Франсуа был бы в полном восторге от чистого веселья и дерзости всей этой затеи.
Глава седьмая
ПАРИЖАНКА
Декабрь 1805 года
По республиканскому календарю: нивоэ, год XIV
Предновогоднее утро. Всего один день — и закончится этот кошмарный год.
Николь привстала из подушек, пухлых, как зефир. Подтянула к подбородку путаницу из полотняной простыни и кашемирового одеяла, оттолкнулась ногами от прохладной кровати и спустила их на холодный гладкий пол. Постель пахла духами Терезы, солнце просвечивало в щели тяжелых штор, танцевали в лучах пылинки. Выкрики, хлопанье дверей, топот детских ножек на полную мощь пропитали весь огромный дом мадам Тальен на Рю-де-Бабилон.
Где-то в миллионе миль отсюда остались Реймс и все пересуды насчет того, чтобы похоронить Франсуа на перекрестке дорог. Тяжело висела пыль, переливаясь на свету и исчезая во мраке.
Николь встряхнулась. Хороший день сегодня: Франсуа был второй мыслью после пробуждения, а не первой. Через Рождество она пронеслась в бурном, цветущем букете устроенных Терезой вечеринок, суаре, карточных вечеров и спектаклей. Ванильный вкус света восковых свечей, череда обманутых поклонников, все это сдобрено нотой скандала и дебоша. Головокружительный эликсир для лечения горя. Сама Николь стала куклой Терезы. Ее одевали, таскали с собой, демонстрировали, с ней играли, когда только хотелось. Ни решений, ни ответственности: единственное, что от нее требовалось, это искриться, как вино, когда это было нужно Терезе, и все были довольны.
Николь не любила ее ни так, как любила Франсуа, ни так, как любила сестру или подруг.

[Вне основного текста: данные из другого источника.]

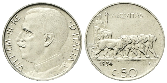Vittorio Emanuele III, 1900-1943. 50 Centesimi 1934 Roma, Leoni, bordo Rigato.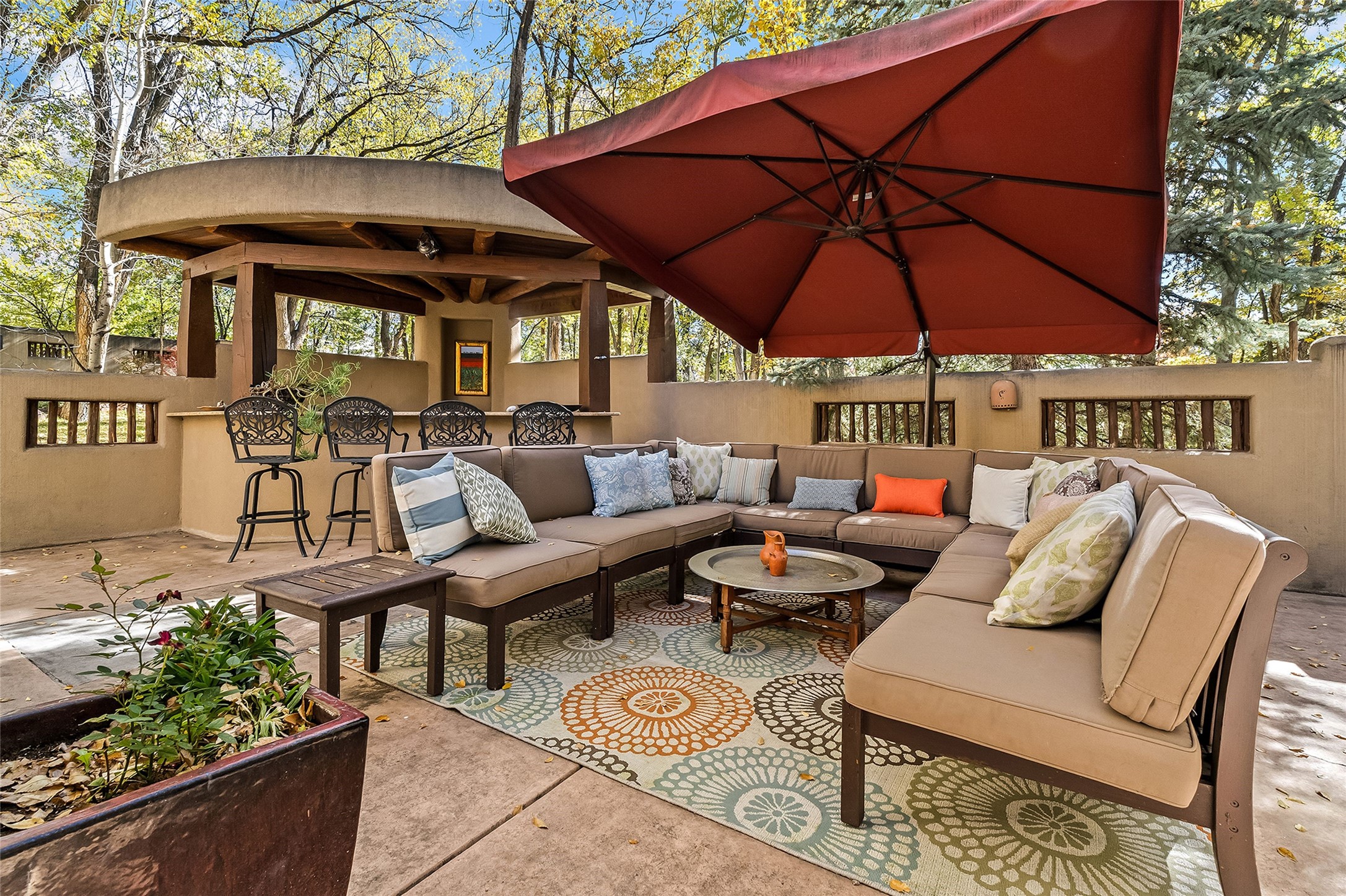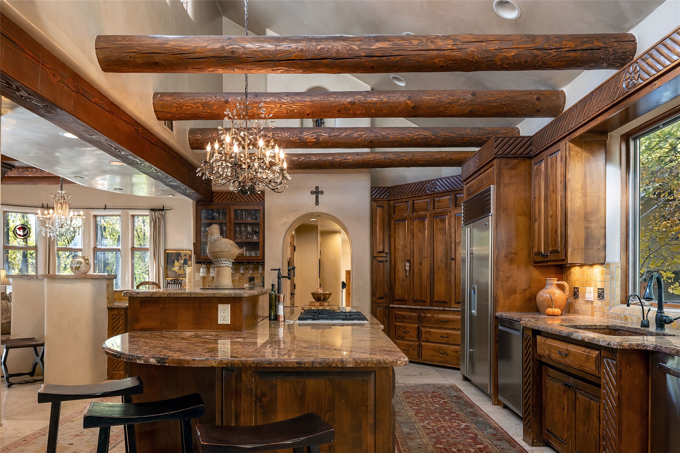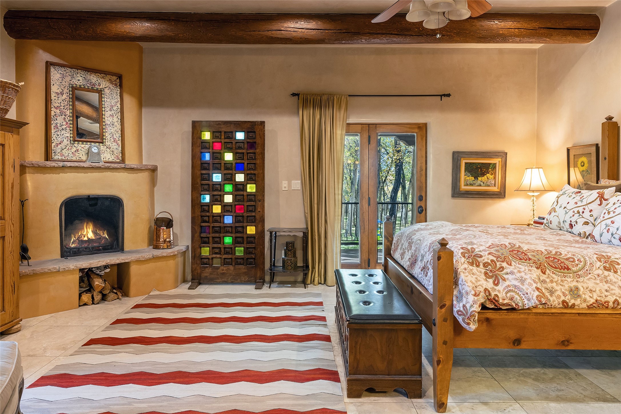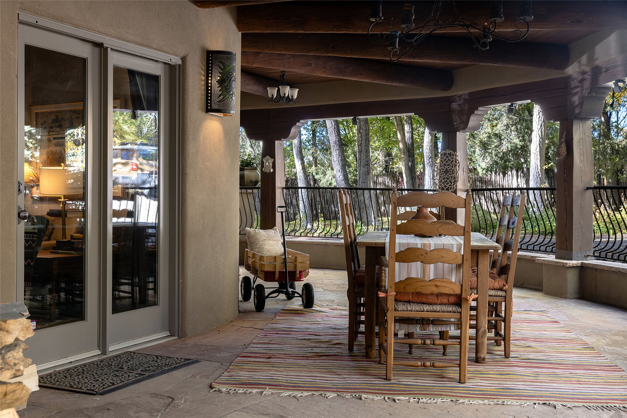 9 Old Coach Road is a 3-bedroom, 5-bath residence on 1.45 verdant, park-like acres in the heart of Tesuque Valley--one of Santa Fe's most distinct, coveted and naturally lush settings. The property is a quiet, gated enclave defined by mature deciduous trees and flowing grass that reflect the valley's rare greenery. The 5,447-square-foot home embodies classic Northern New Mexican design with a pitched metal roof and a warm, pueblo-inspired interior defined by hand-troweled plaster walls, vigas, copper and stone sinks and graceful rounded forms. A showpiece living room with a glass window-wall framing the landscaped tableau blends into a formal dining area and beautifully equipped kitchen, with an adjoining den that offers a more private retreat. The layout emphasizes both flow and function, creating an inviting environment for everyday living as well as entertaining. Each of the three bedrooms is a private suite, and the primary suite includes a fireplace, spa-style bath with steam shower and jetted tub, a large walk-in closet, and direct access to a private gym. Off the primary suite is a walled flagstone courtyard with a spa and outdoor bar. The home office is spacious and secluded behind custom carved wood doors, ideal for creative work or study. Outdoor living is central to the home's character, with a deep portal and patio featuring a wood-burning fireplace overlooking shaded lawns. The property's thoughtful design encourages a connection to nature while maintaining complete privacy. A three-car garage with storage rooms adds convenience and flexibility. Just minutes from downtown Santa Fe yet immersed in the quiet charm of Tesuque, 9 Old Coach Road offers a rare blend of authenticity, craftsmanship, and tranquility--an enduring reflection of traditional Northern New Mexico living in one of the region's most beautiful valleys.

Она понимала, что дружба с этой женщиной весьма своеобразна, что их поцелуи и то, что по ночам они согревают друг другу постель, — все это переходит черту того, что признано в обществе правильным или нормальным, но почему-то это не имело для нее значения. На самом деле это даже показывало ей, что возможно все, что тесные путы общества можно разорвать любым желательным тебе способом. И это было пленительно.